When I say “tank”, I want you to imagine something as concrete and solid as what confronted us. The newspapers the next day, which I wouldn’t read until later, named the model: a Merkava Mark 4 equipped with a digital C4IS battle-management system, designed for maximum damage. It’s not as if the loss of the bar itself was irreparable; it had never been particularly attractive, or a tourist draw like the Tortoni. It even seemed to take pride in its homely brown appearance, the poor service of its waiters, its coffee always (and this varied unpredictably) either flavorless or burnt. And yet the café had its loyal following. Lately the place had become a meeting place for gays, attracted by its discretion and lack of pretentions. A kind of neobohemia got together there frequently, filling the place with conversations amplified by wine and newspapers scattered behind.

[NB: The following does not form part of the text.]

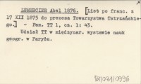LEMERCIER Abel 1876 [List po franc. z 17 XII 1875 do prezesa Towarzystwa Tatrzańskiego].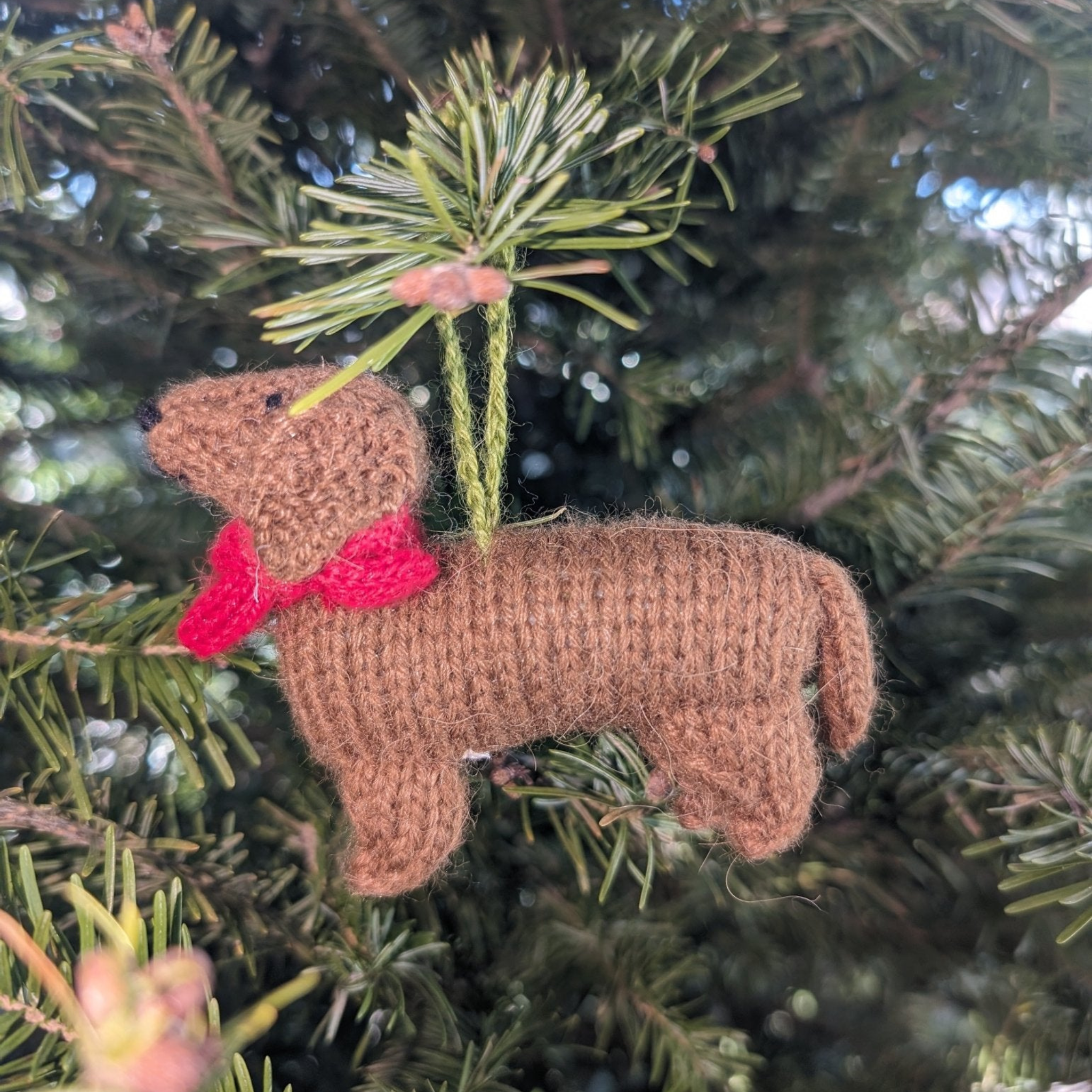 Dachshund Dog Hand Knit Christmas Ornament

What was I — an extremely infrequent visitor of that bar I’d never liked — doing there at all? I’ll tell you now, if you can stomach a bit of metaphysics.
*
Everything you see is a replica, a live version of what already exists as descriptive information on the Internet. How can we know that what we see in reality corresponds with its virtual version? To ensure that no discrepancies exist, people have been distributed in different neighborhoods and paid to evaluate if reality matches its representation. These people are called “confirmers”; for six months, I worked as one.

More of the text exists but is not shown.